[Extracted entries]
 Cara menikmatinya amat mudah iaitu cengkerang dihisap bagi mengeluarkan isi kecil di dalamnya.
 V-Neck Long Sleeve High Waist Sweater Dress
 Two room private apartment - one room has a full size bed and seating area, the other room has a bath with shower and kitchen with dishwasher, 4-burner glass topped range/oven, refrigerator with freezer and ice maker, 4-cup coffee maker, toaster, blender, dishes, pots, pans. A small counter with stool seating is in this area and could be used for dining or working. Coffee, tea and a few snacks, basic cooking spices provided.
...
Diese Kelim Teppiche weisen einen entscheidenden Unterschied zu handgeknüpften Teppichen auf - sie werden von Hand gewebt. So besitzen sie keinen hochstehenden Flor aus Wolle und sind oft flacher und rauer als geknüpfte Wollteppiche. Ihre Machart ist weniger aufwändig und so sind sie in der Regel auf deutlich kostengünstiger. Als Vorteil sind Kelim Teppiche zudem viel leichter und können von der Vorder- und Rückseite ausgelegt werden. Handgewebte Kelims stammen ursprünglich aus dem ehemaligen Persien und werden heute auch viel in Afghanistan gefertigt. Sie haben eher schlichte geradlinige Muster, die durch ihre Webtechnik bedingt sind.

[Exercise details] Would you please copy, word for word, everything above from the line containing "Cara menikmatinya amat" down to the line containing "Two room private", those two lines included?

[Finished task]
 Cara menikmatinya amat mudah iaitu cengkerang dihisap bagi mengeluarkan isi kecil di dalamnya.
 V-Neck Long Sleeve High Waist Sweater Dress
 Two room private apartment - one room has a full size bed and seating area, the other room has a bath with shower and kitchen with dishwasher, 4-burner glass topped range/oven, refrigerator with freezer and ice maker, 4-cup coffee maker, toaster, blender, dishes, pots, pans. A small counter with stool seating is in this area and could be used for dining or working. Coffee, tea and a few snacks, basic cooking spices provided.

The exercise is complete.